• [Data in this exercise]
== Segment start ==
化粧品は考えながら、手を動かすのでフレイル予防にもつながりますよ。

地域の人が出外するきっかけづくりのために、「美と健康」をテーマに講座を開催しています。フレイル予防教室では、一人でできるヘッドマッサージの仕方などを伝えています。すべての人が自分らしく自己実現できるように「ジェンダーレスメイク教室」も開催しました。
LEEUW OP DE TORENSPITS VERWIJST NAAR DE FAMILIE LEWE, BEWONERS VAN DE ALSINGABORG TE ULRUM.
== Segment end ==
== Segment start ==
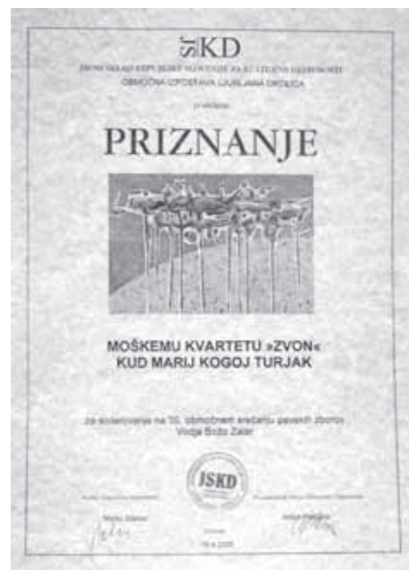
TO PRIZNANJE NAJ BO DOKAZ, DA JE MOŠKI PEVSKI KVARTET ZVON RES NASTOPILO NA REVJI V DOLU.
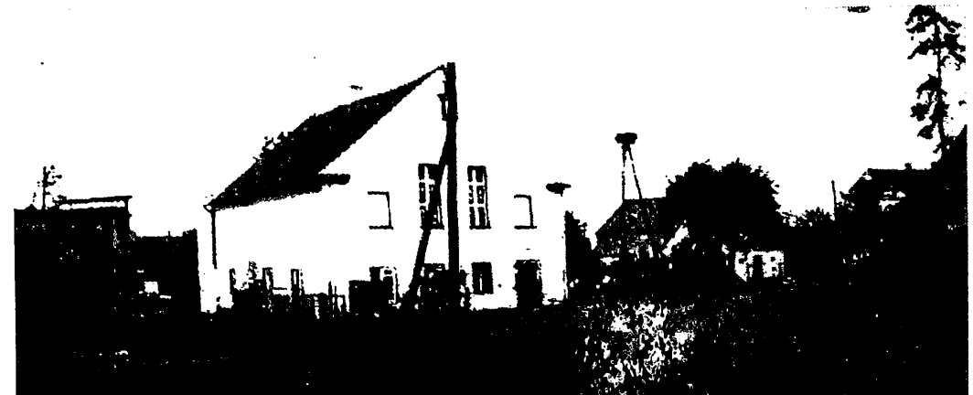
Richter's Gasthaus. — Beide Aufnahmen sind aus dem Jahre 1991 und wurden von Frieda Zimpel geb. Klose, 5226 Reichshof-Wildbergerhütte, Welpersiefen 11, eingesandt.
== Segment end ==
• [What is required] Can you repeat, word for word, every line above from the one containing "化粧品は考えながら、手を動かすのでフレイル予防にもつながりますよ。" down to the one containing "LEEUW OP DE", including both?

• [Result]
化粧品は考えながら、手を動かすのでフレイル予防にもつながりますよ。

地域の人が出外するきっかけづくりのために、「美と健康」をテーマに講座を開催しています。フレイル予防教室では、一人でできるヘッドマッサージの仕方などを伝えています。すべての人が自分らしく自己実現できるように「ジェンダーレスメイク教室」も開催しました。
LEEUW OP DE TORENSPITS VERWIJST NAAR DE FAMILIE LEWE, BEWONERS VAN DE ALSINGABORG TE ULRUM.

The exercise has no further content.